I read Wedgewood's book in May after falling in love with the NYROB edition – a marvelous read.

a 'catch-all', almost humorous, 'Jeez' quality (Alfred, Lord Sotosyn), Wednesday, 17 August 2011 14:10 (twelve years ago) link

*Wedgwood

a 'catch-all', almost humorous, 'Jeez' quality (Alfred, Lord Sotosyn), Wednesday, 17 August 2011 14:11 (twelve years ago) link

Killed more ppl as a percentage of population than any other war in German history.

Also, "defenestration"!

returning the native population to its violent 18th-century high (Michael White), Wednesday, 17 August 2011 14:14 (twelve years ago) link

Voted Gustavus Adolphus, btw

returning the native population to its violent 18th-century high (Michael White), Wednesday, 17 August 2011 14:15 (twelve years ago) link

At a journalism workshop held last Friday, a staff writer at one of our local papers and a good friend explained how he fought to get "defenestrate" in a crime story.
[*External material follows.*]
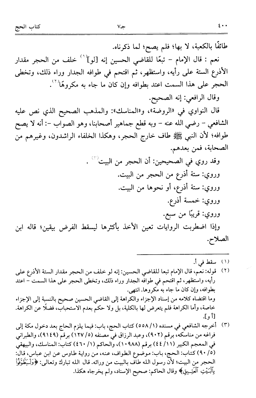 قال النواوي في "الروضة"، و"المناسك": والمذهب الصحيح الذي نص عليه الشافعي - رضي الله عنه - وبه قطع جماهير أصحابنا، وهو الصواب -: أنه لا يصح طوافه؛ لأن النبي طاف خارج الحجر، وهكذا الخلفاء الراقدون، وغيرهم من الصحابة، فمن بعدهم.

When he noticed the blank looks on our students' faces he told the story of the monks.

a 'catch-all', almost humorous, 'Jeez' quality (Alfred, Lord Sotosyn), Wednesday, 17 August 2011 14:18 (twelve years ago) link

"The victim got de-windowed"

I for one am (Le Bateau Ivre), Wednesday, 17 August 2011 14:19 (twelve years ago) link

I prefer exfenestrate, really

returning the native population to its violent 18th-century high (Michael White), Wednesday, 17 August 2011 14:20 (twelve years ago) link

"The victim was given a dose of pane"

mark s, Wednesday, 17 August 2011 14:20 (twelve years ago) link

I read Wedgewood's book in May after falling in love with the NYROB edition – a marvelous read.

― a 'catch-all', almost humorous, 'Jeez' quality (Alfred, Lord Sotosyn), Wednesday, August 17, 2011 10:10 AM (8 minutes ago) Bookmark Suggest Ban Permalink

yeah this is the one i read--great cover with a detail from this:

http://upload.wikimedia.org/wikipedia/commons/f/fe/The_Hanging_by_Jacques_Callot.jpg

max, Wednesday, 17 August 2011 14:21 (twelve years ago) link

"The victim was given a dose of pane"

lol

a 'catch-all', almost humorous, 'Jeez' quality (Alfred, Lord Sotosyn), Wednesday, 17 August 2011 14:24 (twelve years ago) link

Killed more ppl as a percentage of population than any other war in German history.

Also, "defenestration"!

― returning the native population to its violent 18th-century high (Michael White), Wednesday, August 17, 2011 10:14 AM (7 minutes ago) Bookmark Suggest Ban Permalink

wikipedia sez "the male population of the German states was reduced by almost half"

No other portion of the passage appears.